'''

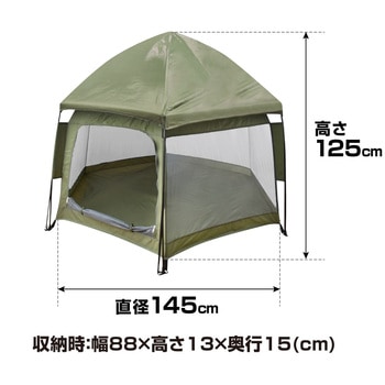 ●サイズ:展開時/直径1450×高さ1250(mm)、収納時/幅880×高さ130×奥行150(mm)●重量:約2750g●材質:ポリエステル100%、グラスファイバー、アルミ●内容品:本体、ハーフフライシート、ペグ6本、ペグ保存袋、本体収納ベルト、日本語取扱説明書
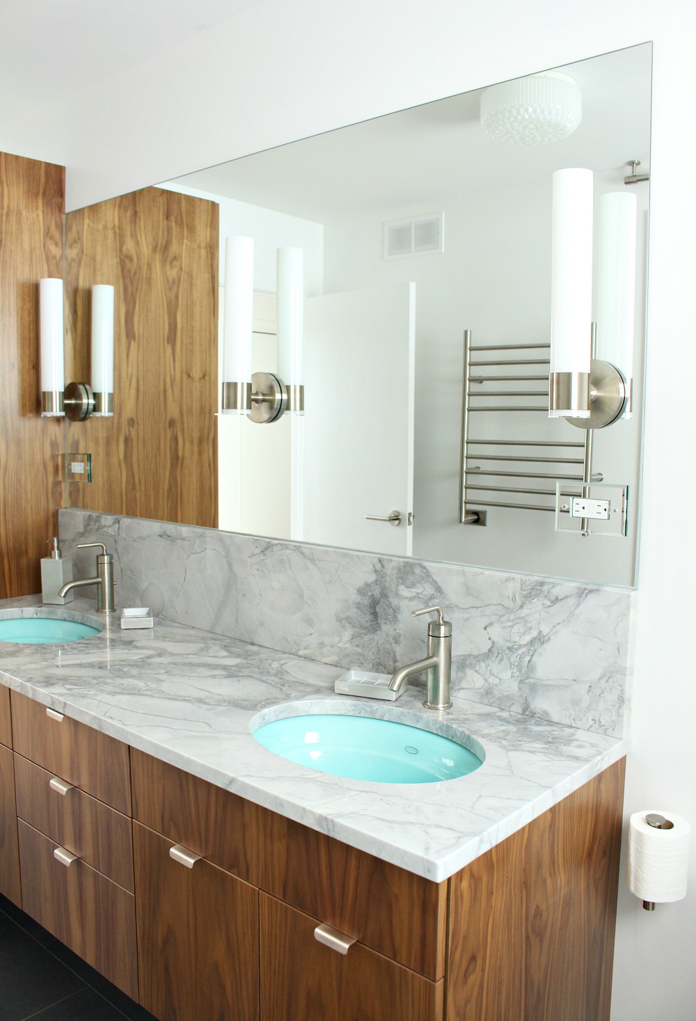 The best place to start designing a bathroom – or any room – is Pinterest! I created a special board for Bathroom Design Inspiration and that’s where I started collecting photos of any bath designs I liked. Now I’ve turned it into a resource for others, but in its early stages I also pinned anything I liked – a color, art inspiration, walnut furniture – anything that I really, really liked. Once the board started getting full, I looked back through my pins and started teasing out themes and commonalities. From there it was clear that there were some must-haves: a pop of aqua, walnut cabinetry, stone counters. Having a clear vision in mind kept me from getting distracted when other options (like the acrylic cabinetry) tried to derail me!
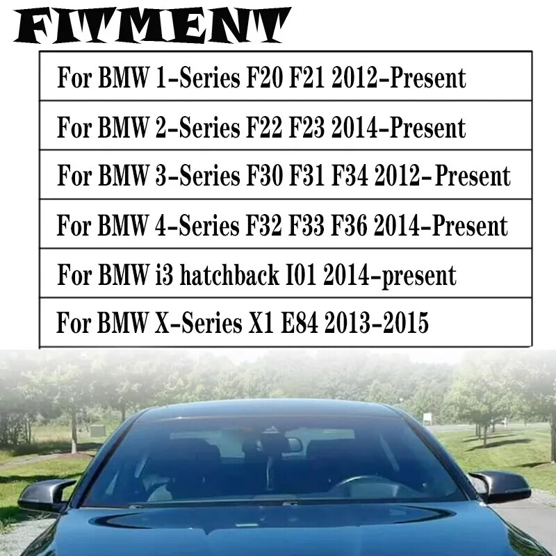 - These mirror covers are compatible with BMW 1 Series F20 F21 116i 118i 120i 125i 130i Hatchback 2012-2016 BMW 2 Series F22 F23 218i 220i 228i Coupe & Convertible 2013-2017 BMW 3 Series F30 F31 320i 328i 330i 335i Sedan & Touring 2013-2017. BMW 4 Series F32 F33 F36 420i 428i 435i Coupe & Convertible & Gran Coupe 2013-2017BMW X Series X1 E84 2013-2015 BMW M Series F87 M2 2014-on * Only Left-Hand Drive (LHD) Car.

'''

Work request: The line containing "The best place" marks the end: transcribe every line from the start of the listing up to and including it, minus the pictures.

Solution to this problem:
 ●サイズ:展開時/直径1450×高さ1250(mm)、収納時/幅880×高さ130×奥行150(mm)●重量:約2750g●材質:ポリエステル100%、グラスファイバー、アルミ●内容品:本体、ハーフフライシート、ペグ6本、ペグ保存袋、本体収納ベルト、日本語取扱説明書
 The best place to start designing a bathroom – or any room – is Pinterest! I created a special board for Bathroom Design Inspiration and that’s where I started collecting photos of any bath designs I liked. Now I’ve turned it into a resource for others, but in its early stages I also pinned anything I liked – a color, art inspiration, walnut furniture – anything that I really, really liked. Once the board started getting full, I looked back through my pins and started teasing out themes and commonalities. From there it was clear that there were some must-haves: a pop of aqua, walnut cabinetry, stone counters. Having a clear vision in mind kept me from getting distracted when other options (like the acrylic cabinetry) tried to derail me!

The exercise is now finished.